The study, published in Science Friday, set out to assess how much new forest the earth could support without encroaching on farmland or urban areas and came up with a figure of 0.9 billion hectares, an area roughly the size of the U.S., BBC News reported. That makes reforestation "the most effective solution" for mitigating the climate crisis, the researchers concluded.
"Our study shows clearly that forest restoration is the best climate change solution available today and it provides hard evidence to justify investment," senior study author and ETH-Zürich Professor Tom Crowther said, as BBC News reported. "If we act now, this could cut carbon dioxide in the atmosphere by up to 25 percent, to levels last seen almost a century ago."
The new trees would remove around 200 gigatonnes of carbon, or two thirds of what humans have pumped into the atmosphere since the industrial revolution.
New report reveals #reforestation is one of the most effective strategies for #ClimateChange mitigation.— Crowther Lab (@CrowtherLab) July 4, 2019
We must plant more trees🌲🌳, support restoration organisations and invest wisely.
>> https://t.co/2cGVl73Tz1#TreePotential pic.twitter.com/JFNbDeE42v
However, the researchers emphasized that tree planting was not a replacement for reducing greenhouse gas emissions or phasing out the use of fossil fuels.
"None of this works without emissions cuts," Crowther told Time.
Even if tree planting began today, it would take 50 to 100 years for the new trees to soak up those 200 gigatonnes of carbon, he told The Guardian. And, as National Geographic pointed out, the researchers found that potential tree-planting land could shrink by one-fifth by 2050 even if global temperature rise is limited to 1.5 degrees Celsius above pre-industrial levels, as some tropical areas could grow too hot to support forests.
Even so, Crowther said tree planting was an important means of immediate climate action.
It's "a climate change solution that doesn't require President Trump to immediately start believing in climate change, or scientists to come up with technological solutions to draw carbon dioxide out of the atmosphere," Crowther told The Guardian. "It is available now, it is the cheapest one possible and every one of us can get involved."
Assistant-Director General at the UN Food and Agriculture Organization René Castro praised the study's utility.
"We now have definitive evidence of the potential land area for re-growing forests, where they could exist and how much carbon they could store," Castro said, as The Guardian reported.
To reach their conclusions, the researchers first looked at around 80,000 satellite photographs of protected forest areas around the world to assess the tree cover in each. They then used Google Earth Engine mapping software to develop a model for predicting where new trees could grow, National Geographic explained. They found that more than half of the world's reforestation potential was located in six countries: China, the U.S., Russia, Australia, Canada and Brazil.

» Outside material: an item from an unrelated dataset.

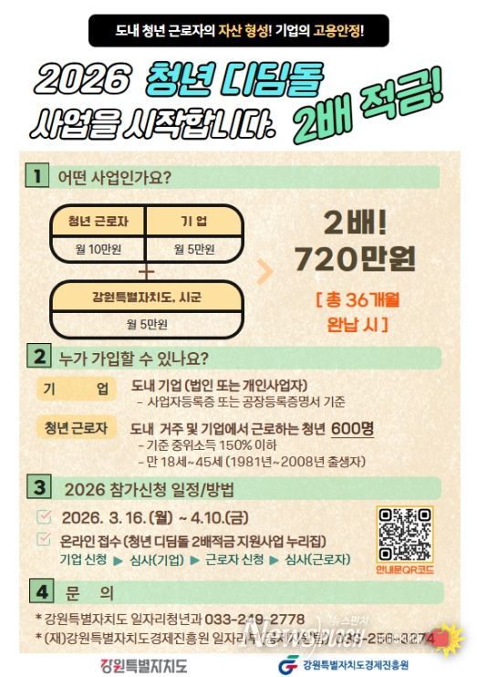 뉴스펀치 조평훈 기자 | 동해시는 청년 근로자의 자산 형성과 중소기업 장기 재직을 지원하기 위해 ‘2026년 청년 디딤돌 2배 적금 지원사업’ 참여자를 오는 4월 10일까지 모집한다고 밝혔다.

However, trends are moving in the opposite direction in Brazil, where deforestation is on the rise under the right-wing government of President Jair Bolsonaro. Recent satellite images show that a football-field-sized swath of the Amazon is being lost every minute, according to National Geographic.
Bolsonaro has also been hostile to the rights of indigenous communities to the forest. But such rights are essential for conservation: deforestation rates are much lower in forests that recognize indigenous claims.
"We have served as guardians of these lands for generations ... We also understand how to restore them to health," Joan Carling, a member of the Kankanaey tribe in the Philippines and co-convener of the Indigenous Peoples Major Group for Sustainable Development, told National Geographic by email. "With the security of our lands and resources, we can prevent destructive logging, mining, agri-business, and other projects from occurring in our territories."
Political realities are why some scientists criticized the optimism of Crowther's findings.
"Planting trees to soak up two-thirds of the entire anthropogenic carbon burden to date sounds too good to be true. Probably because it is," University of Reading professor Martin Lukac told BBC News. "This far, humans have enhanced forest cover on a large scale only by shrinking their population size (Russia), increasing productivity of industrial agriculture (the West) or by direct order of an autocratic government (China). None of these activities look remotely feasible or sustainable at global scale."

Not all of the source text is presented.